StockHaven- Pasar aset kripto Indonesia terus mencatat pertumbuhan yang signifikan sepanjang tahun 2025. Data Otoritas Jasa Keuangan (OJK) menunjukkan total nilai transaksi aset kripto, termasuk pasar spot dan derivatif, menembus Rp446,55 triliun hingga September 2025. Angka ini mencerminkan momentum positif bagi ekosistem digital Indonesia yang semakin matang.
Secara spesifik, pasar spot membukukan transaksi Rp136,31 triliun pada Q3 2025, naik 16% ketimbang kuartal sebelumnya yang sebesar Rp117,52 triliun. Lonjakan ini menunjukkan permintaan yang stabil dari investor ritel maupun institusional. Sekaligus menandakan pertumbuhan penetrasi pasar yang konsisten.
Sementara itu, pasar derivatif mengalami peningkatan lebih dramatis, dengan transaksi mencapai Rp52,71 triliun, naik 118% ketimbang Q2 2025. Pertumbuhan ini menandai semakin besarnya adopsi instrumen derivatif, yang memungkinkan investor melakukan strategi hedging maupun diversifikasi portofolio lebih kompleks.

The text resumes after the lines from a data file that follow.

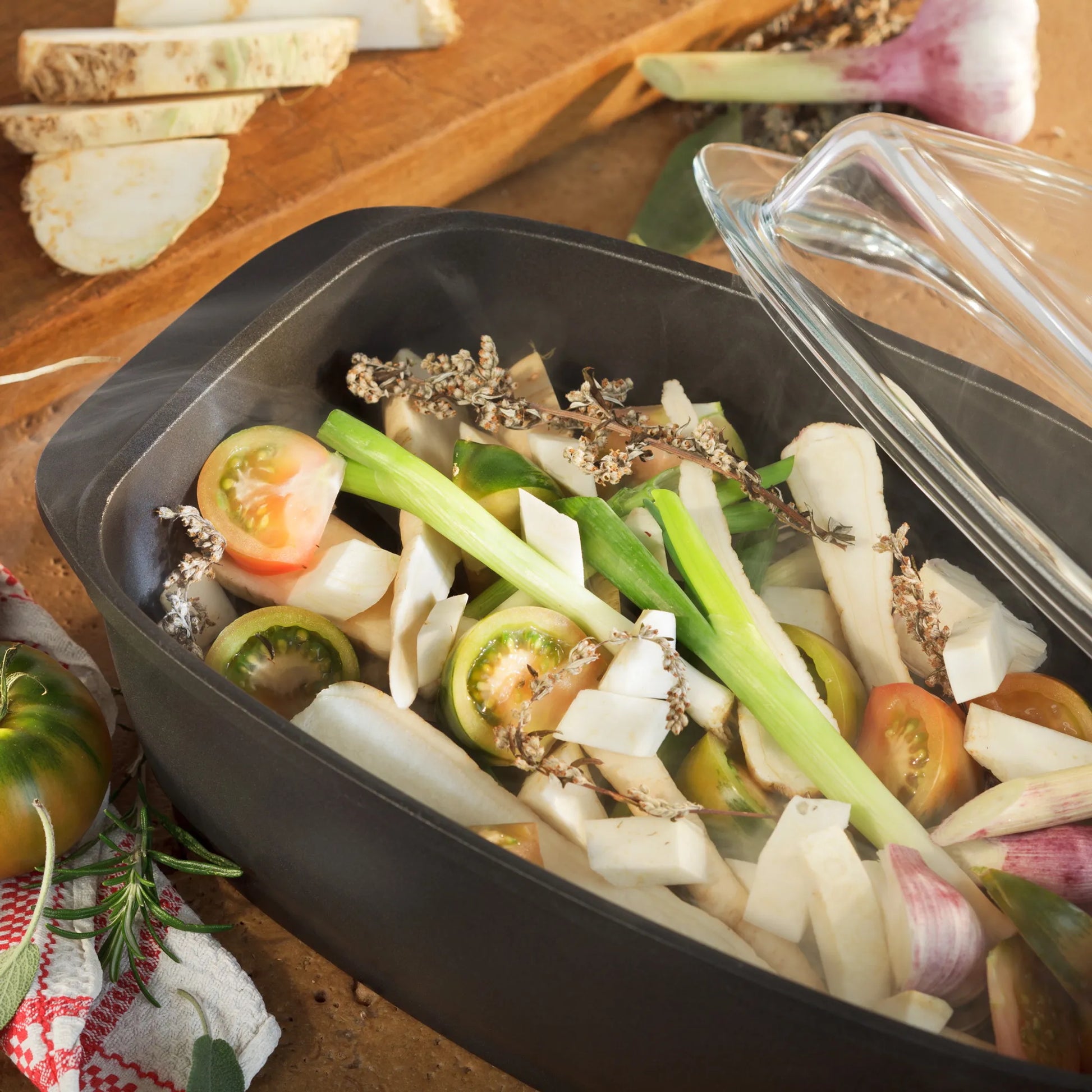 Der praktische Glasdeckel ermöglicht dir eine optimale Kontrolle über den Garprozess, ohne dass wertvolle Wärme entweichen muss – ideal für saftige Schmorgerichte und knusprige Aufläufe.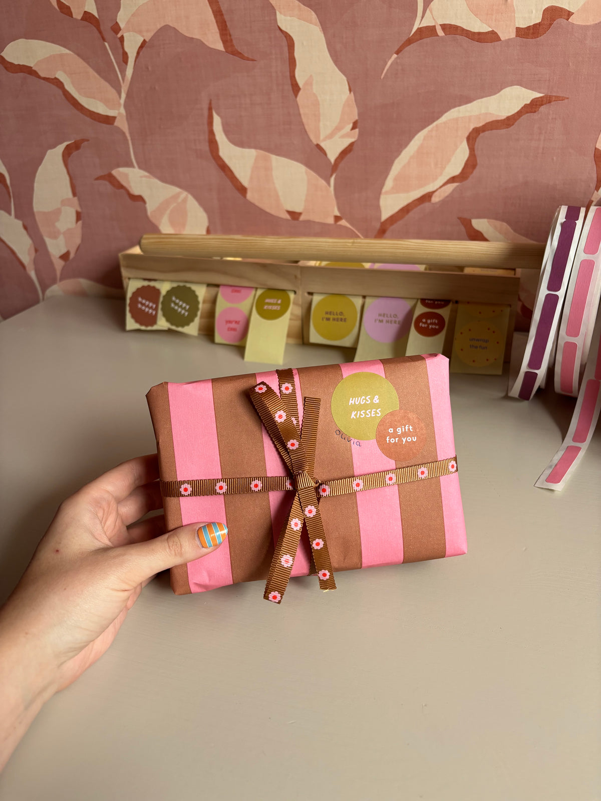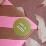Hugs & Kisses - Een sticker met een lieve boodschap. Perfect om cadeautjes op te fleuren of als sluitsticker te gebruiken voor een wenskaart.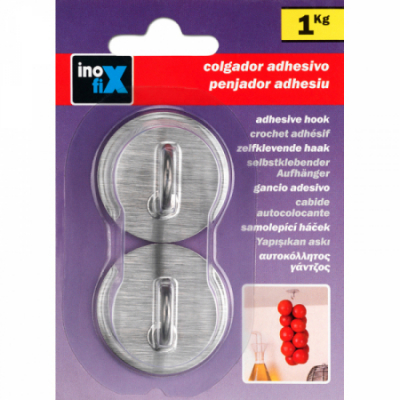 BLISTER 2 COLGADORES ADH. INOX GANCHO 27x40mm 2176-1- INOFIX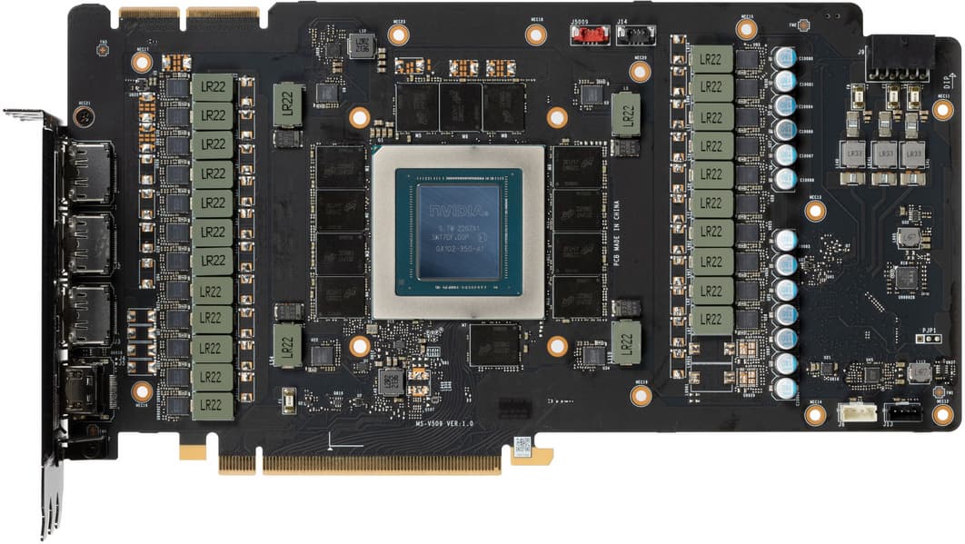 Итак, распределение фаз такое: у GeForce RTX 3090 Ti FE — 18 фаз на ядро и 3 на микросхемы памяти. А у карты MSI — 22 фазы на ядро и 4 — на микросхемы памяти.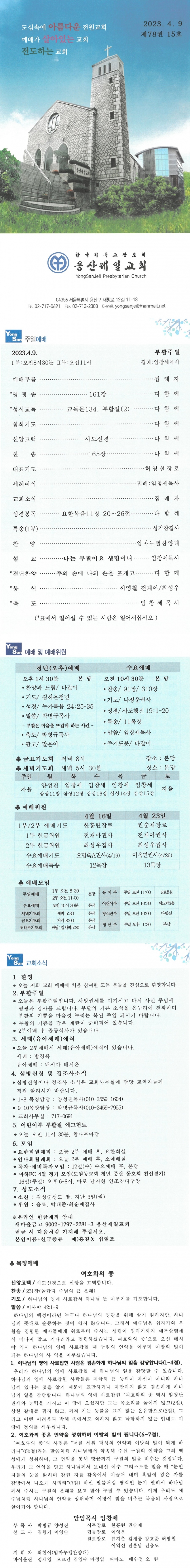 Á¦¸ñ 2023³â 4¿ù 9ÀÏ ºÎȰÁÖÀÏ À̸§ ¿ë»êÁ¦Àϱ³È¸ (yongsan)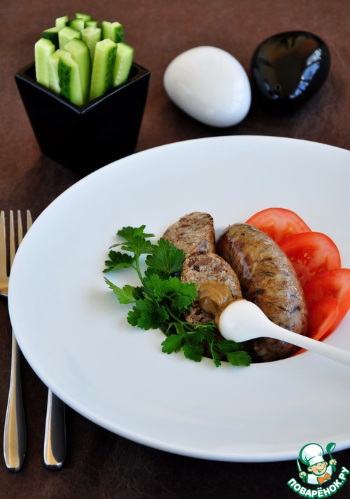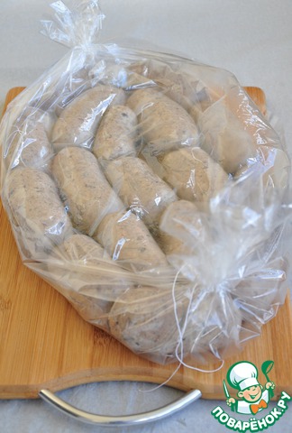 Череву промыть под проточной водой, начинить с помощью насадки. (Если оставите рис целым, ни в коем случае не начиняйте череву плотно, она может лопнуть во время приготовления.) Сформировать и перевязать колбаски. Я уложила их в рукав для запекания и погрузила в воду, нагретую до 85*, на 15 минут.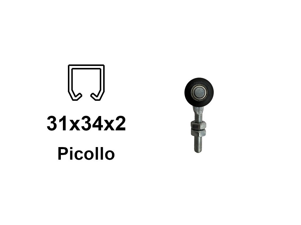 Vozík pro výklopné dveře, vrata nebo střešní okno. Vozík má dva nylonové válce s kuličkovými ložisky a je určen pro c-profil 34 × 31 × 2,0 mm. Nylonové válečky zajišťují tišší chod vozíků v profilu C.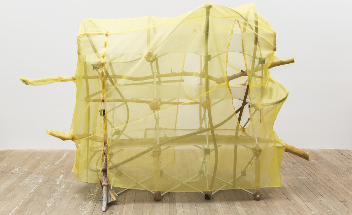 Walking up was getting into discipline, nyc stick shelf (2019), metal, plexiglass, sawdust, wood glue, plastic, nyc stick, fabric and zippers, 681/2" × 99" × 32". photo / Gregory Carideo, © Jessi Reaves, courtesy of the artist and Bridget Donahue, NYC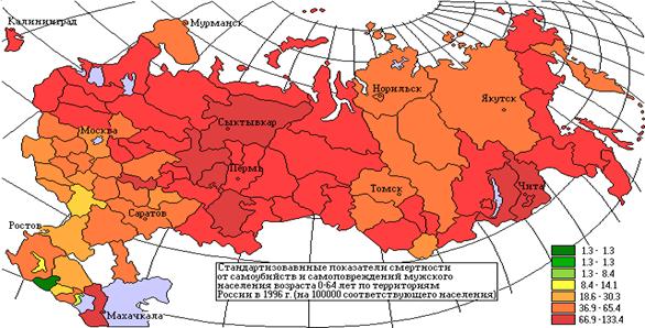 Из представленной таблицы видно, что пиковой показатель приходится на 1994 год, после чего происходит некоторый спад случаев суицида. Более наглядно динамику самоубийств можно проследить с помощью прилагаемых диаграмм: На 100 000 жителей Общее число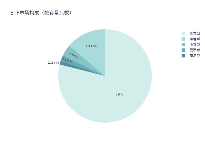 四、ETF存量市场情况上周市场上存量ETF共计1340只,其中股票型ETF1058只,债券型ETF53只,货币型ETF27只,商品型ETF17只,跨境型ETF185只。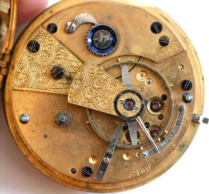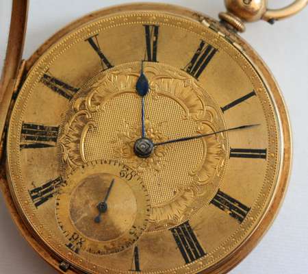 key wind,open faced with gold dial, subsidiary seconds dial, the outer case engraved and chased decoration, plain lever movement

Gabungan transaksi spot dan derivatif ini memperlihatkan kedewasaan ekosistem kripto domestik. Dengan jumlah pengguna aktif tercatat 18,08 juta per Agustus 2025, memperlihatkan penetrasi yang semakin luas ke berbagai segmen masyarakat, dari investor pemula hingga institusi.
Volume Transaksi Indodax Naik Hampir 100%
Indodax, salah satu crypto exchange asal Indonesia membeberkan tren positif ini. Volume Tahun Berjalan (YTD) di platform perusahaan hingga 20 Oktober 2025 sudah mencapai Rp164,2 triliun. Menggambarkan peningkatan 93,4% ketimbang periode yang sama tahun sebelumnya.
Hal itu menunjukkan bahwa likuiditas pasar domestik terus bertumbuh, seiring bertambahnya aktivitas trading dan diversifikasi aset digital.
Antony Kusuma, Vice President Indodax mengungkap, pertumbuhan pasar kripto bukan hanya soal angka transaksi. Ini merupakan cerminan dari tingkat kepercayaan masyarakat terhadap mekanisme investasi kripto yang aman dan transparan. Literasi serta pemahaman risiko menjadi fondasi utama agar investor dapat mengambil keputusan secara rasional
Menurutnya, diversifikasi produk dan layanan menjadi faktor kunci perkembangan industri kripto. Keberadaan tokenisasi aset riil, stablecoin lokal, dan instrumen derivatif semakin memperkaya ekosistem, memberikan opsi baru untuk pengelolaan portofolio, dan membuka peluang inovasi finansial.
“Pasar derivatif yang tumbuh signifikan bukan sekadar angka. Ini adalah indikator bahwa investor mulai mencari alat yang lebih fleksibel untuk memaksimalkan peluang. Pendewasaan ini menandai ekosistem yang semakin sehat,” pungkas Antony.